During a neurological examination, the doctor pays attention to the patient’s posture, posture, and gait, checks for contractures, deformities and asymmetries of the limbs, assesses the condition of the spinal column, clarifies the presence and nature of motor disorders, sensory and trophic disorders, and changes in tendon reflexes. Based on the survey data and examination results, the neurologist prescribes additional tests for the patient.

Laboratory and instrumental diagnostics

Laboratory and instrumental research methods help to carry out differential diagnosis, confirm or refute the suspected diagnosis.

When examining patients with back pain, X-ray spondylography with functional tests, computed tomography and magnetic resonance imaging are informative. For acute back pain, patients are advised to perform general and biochemical blood tests and urine tests.

In some cases, neuroimaging methods such as computed tomography and magnetic resonance imaging come to the fore. Radioisotope scintigraphy is used to diagnose local inflammatory or metastatic processes. Diagnosis of osteoporosis is based on densitometry. To determine the level of damage to the structures of the spinal cord and peripheral nervous system, including to clarify the nature of radiculopathy, electroneuromyography is performed.

Treatment of back pain

The main objectives of treating patients with back pain are to relieve pain, prevent the disease from becoming chronic, provide conditions for a full course of rehabilitation measures, and prevent relapse of exacerbations.

The basis of conservative treatment of pain syndrome consists of non-steroidal anti-inflammatory drugs, muscle relaxants, antidepressants, neurotropic vitamins and some other non-drug methods, mainly affecting the nociceptive component of pain, including massage, therapeutic exercises, manual therapy.

During the acute period, excessive physical activity is excluded, but instead of long-term bed rest, such patients are shown an early return to the usual level of activity in order to prevent the formation of chronic pain syndrome. Strict immobilization is recommended for the first three days. For acute pain in the lower back, a fixation belt is used; for pain in the neck, a cervical collar is used. However, long-term fixation of the cervical or lumbar spine is not recommended, except in selected cases, such as vertebral fracture or the presence of lumbar spondylolisthesis.

As the pain syndrome regresses, patients are prescribed physiotherapeutic procedures: ultrasound, magnetic therapy, electrical stimulation, reflexology, exercise therapy and massage are recommended, and manual therapy is performed according to indications.
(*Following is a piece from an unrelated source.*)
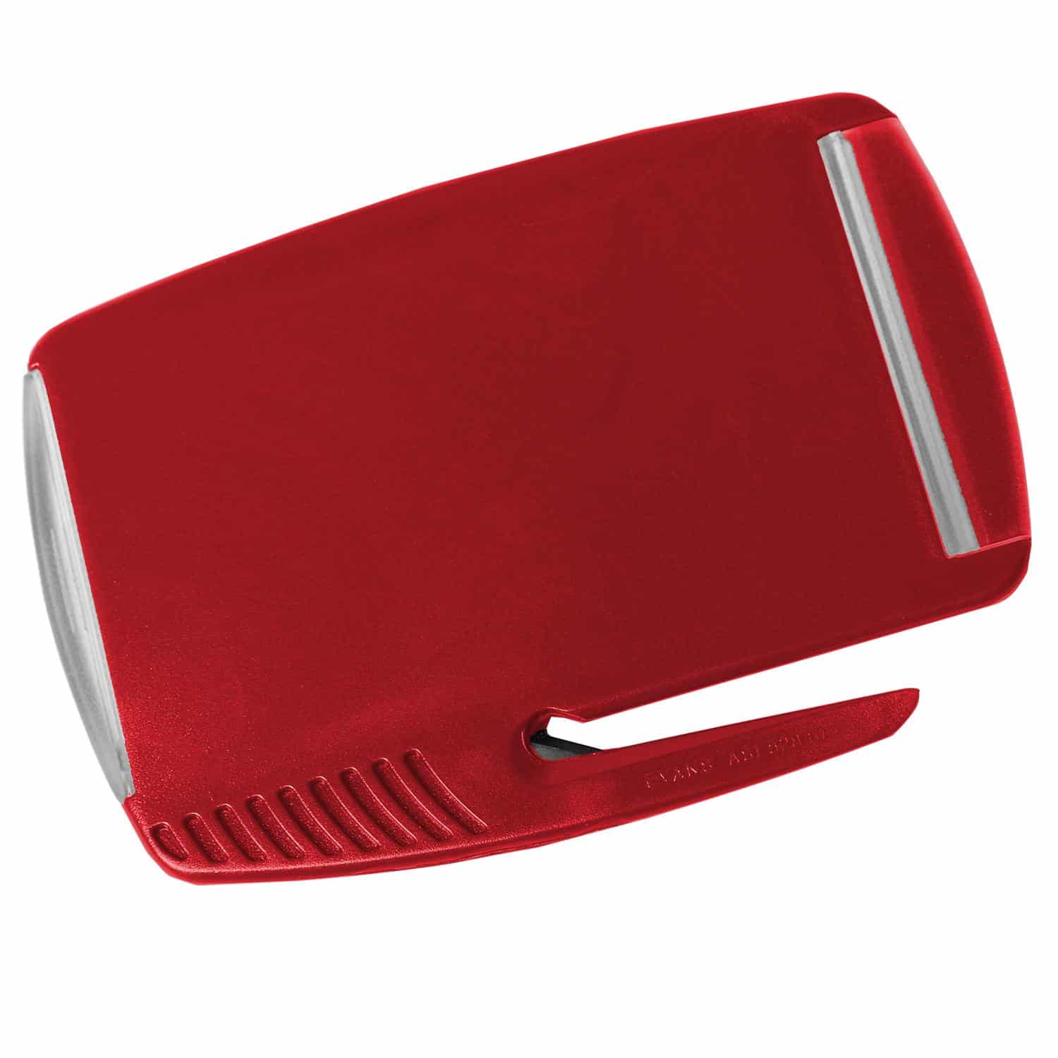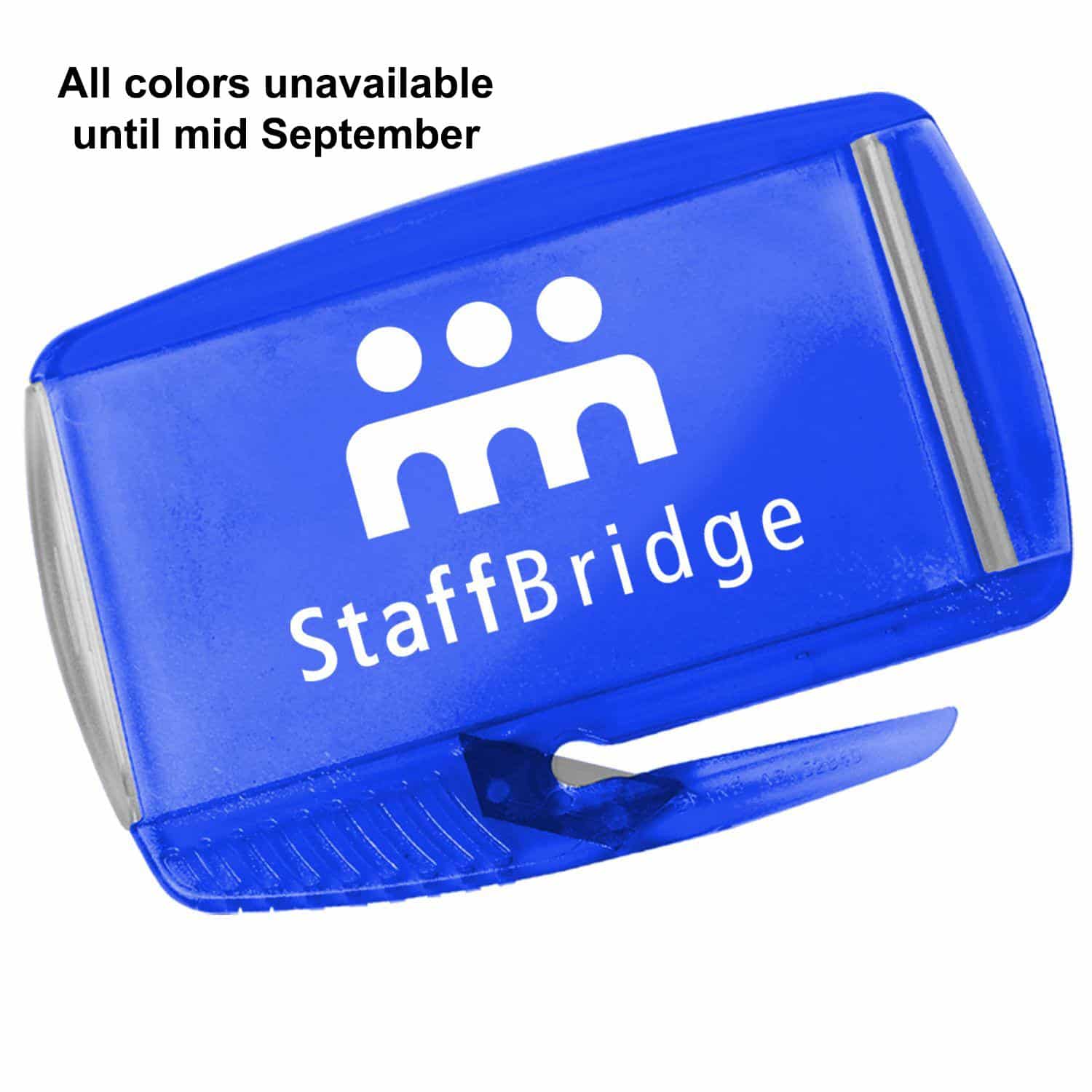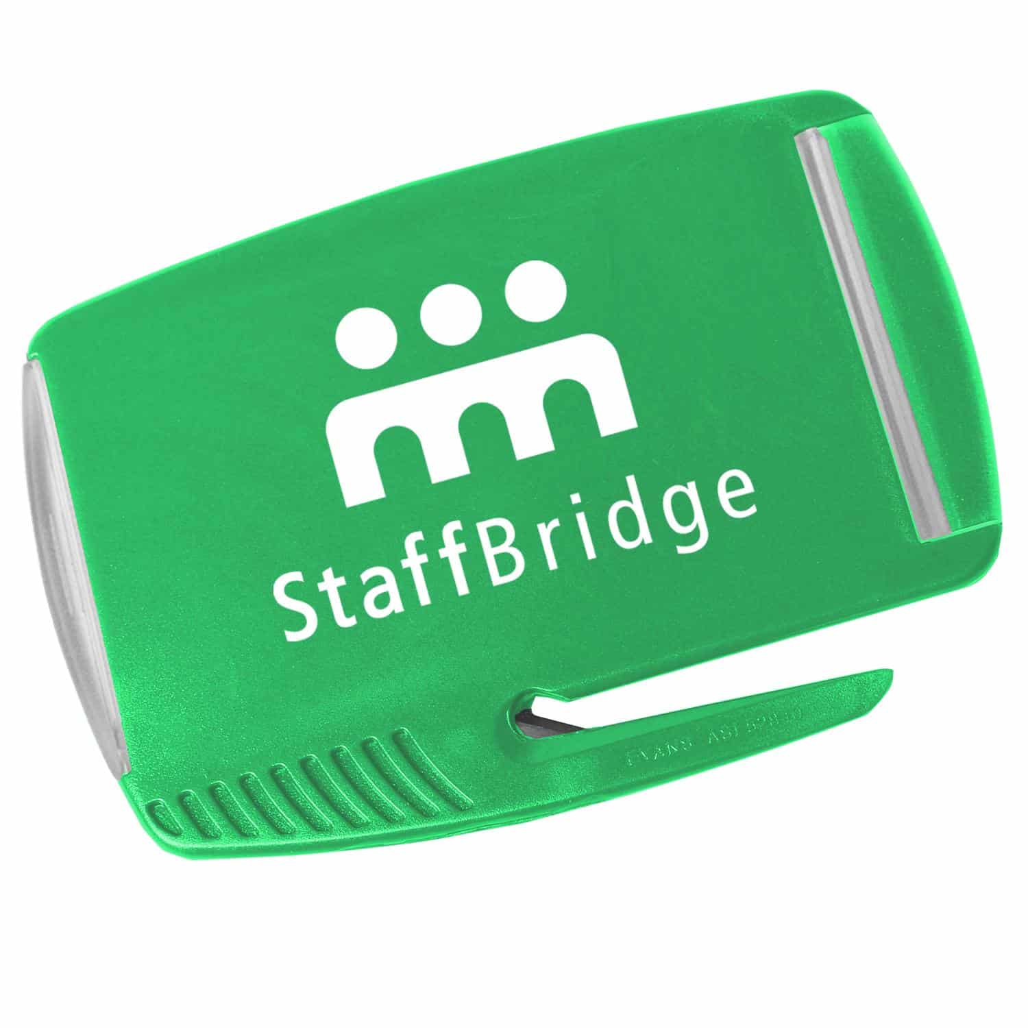 Tucked hinged clear cover holds standard business card or insertable message card. Features slitter with protective steel blade for opening envelopes and curved tip assists in removing staples. Comes with large imprint area. 3 1/16″ H x 4 3/8″ W x 1/8″ D

In case of vertebral instability, compression of the spinal column, intervertebral hernia, or neoplasms, the patient may be recommended surgical treatment. The type and extent of surgical intervention are selected individually by the attending physician or a medical council. After the operation, antibacterial and analgesic agents, neurotropic vitamins and other drugs are used, and rehabilitation measures are carried out, including physiotherapeutic techniques, massage, and physical therapy.